Commentary

How To Rescue Unhappy Mobile Video Consumers

Anyone who has recently upgraded a smartphone from one that runs on a 3G network (say, the iPhone 4) to one that streams video and downloads songs on a 4G LTE network (for instance, the iPhone 5) knows anecdotally and intuitively that these activities are generally a better experience on the 4G LTE network. For consumers, 4G LTE is less prone to buffering and stuttering, and is one that, most of the time, just works. Wouldn’t it be nice if that were simply the end of the story, and that the problems that have arisen from deluge of high-bandwidth video traffic onto mobile networks just vanished once everyone migrated to LTE?

Unfortunately, while the situation is improving in the aggregate, this by no means allays the concerns of the many remaining frustrated video viewers who can’t get their YouTube or Vimeo clips to start. These consumers generally aren’t concerned about how crystal clear or “HD-like” video is once it finally arrives – they simply want it to arrive quickly and to stream without interruption. Today, consumers perceive their mobile video quality of experience (QoE) by transmission quality, rather than visual quality. They’ll reward an operator by staying with them, and even recommending them, if mobile video simply works.

When operators look to manage and optimize the over-the-top (OTT) video traveling on their networks, so that each individual consumer receives a first-rate quality of experience - even when they’re at the edge of a cell, inside a building or behind a wall - there are three approaches that can be taken:

1.   Operator-defined global optimization settings that are based on time of day or other static, outdated policies .

2.   Using “probes” in the radio access network (RAN) to identify congested cells – then focusing optimization only on those congested cells.

3.   Using the cloud to target network congestion on a per-user, per-stream basis, and optimize troublesome videos accordingly.

Option one is a legacy holdover from the recent past, in which expensive inline hardware was configured in mobile networks to reduce bandwidth on all videos at pre-defined times of day, effectively punishing all users on a given cell or even across the entire network whether there was congestion or not. It neglects to take into account the realities of modern mobile video traffic, where a previously uncongested cell may become overwhelmed due to an event or an unplanned spike in usage.

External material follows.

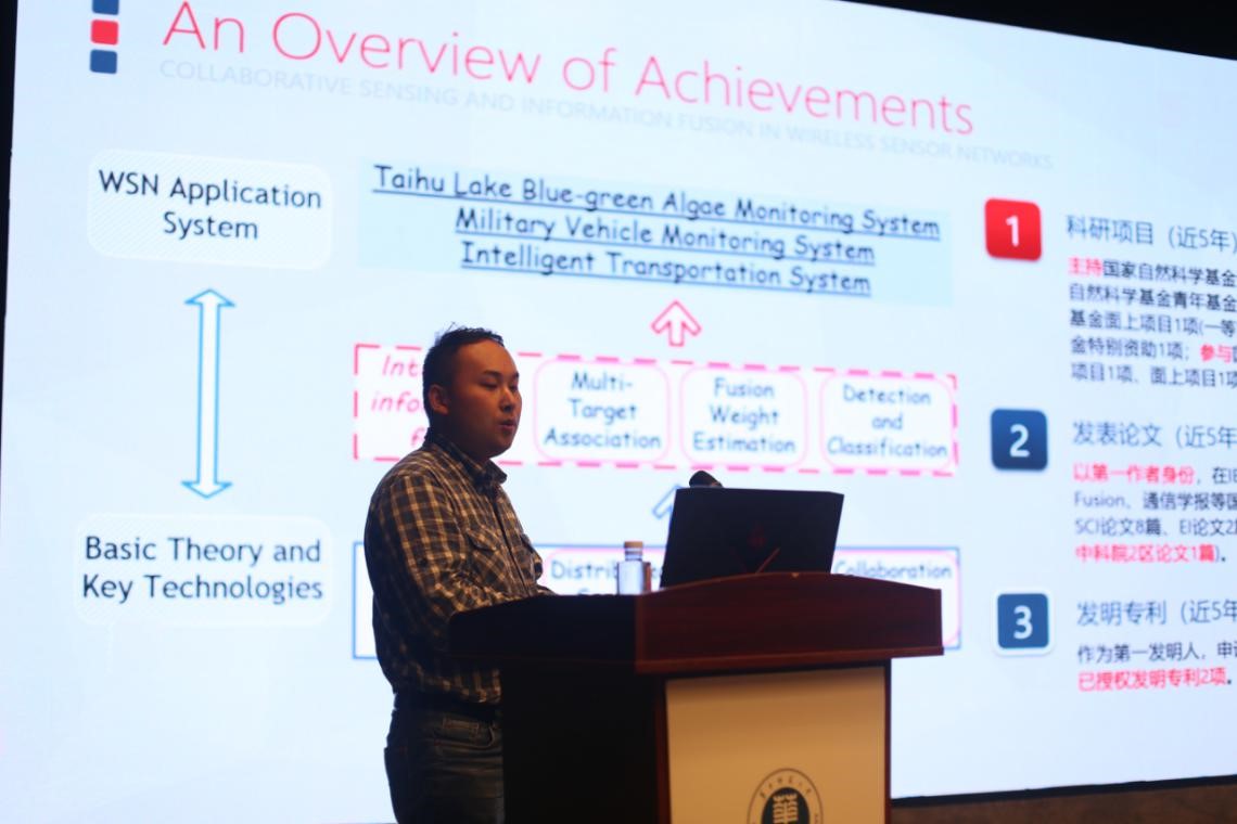 本次论坛共有3位青年学者进行报告展示。每名应聘者结合研究领域自行选定主题陈述25分钟。他们逐一拿出“看家本领”,通过作学术报告并接受现场论坛问答,展示个人研究能力。第一位报告人为肖克江博士,在汇报前数字媒体系副教授王志峰对肖克江做了简要介绍。肖克江于2015年在中科院计算所获工学学位,研究方向为物联网,2015年毕业后加入湖南省国网电力公司信息通信公司担任高级工程师。他以“传感网络协同感知与信息融合”为题,从研究成果、成果目录、教学科研规划作了汇报。随后王志峰对汇报进行了简要的总结及拓展。

Option two, the RAN probe approach, is more surgical and can identify congestion where it is occurring on individual cells, yet is expensive to deploy and still suffers from a macro-level approach. Many quality of experience issues have nothing to do with cell-wide congestion, and are instead caused by impairments at the individual user level. This one-size-fits-all policy applies optimization across the board to everyone on a cell, while neglecting, say, a smaller number of individual users on a neighboring, uncongested cell who are abandoning their videos while cursing their operator.

It’s my belief, and that of many global mobile operators as well, that now that the technology exists to surgically optimize problematic video streams in the cloud on a real-time, per-user, per-stream basis, we’ve reached a new milestone in managing mobile video QoE. Individual users can now be saved from an unhappy video session, without bandwidth reduction for the other users surrounding them.

Operators also now have an insurance policy in hand that helps keep their users happy and satisfied with network performance, and not searching for reasons to blame their operator for poor video streaming sessions – as consumers are all too ready to do. Using the cloud to measure, quantify and mitigate video quality issues at the individual user level is more flexible, more cost-effective and delivers a much higher QoE than alternative methods. It’s enough to plug the remaining holes in LTE video quality, so that everyone -- you, me and that guy standing behind the wall  -- can stream video to their heart’s content.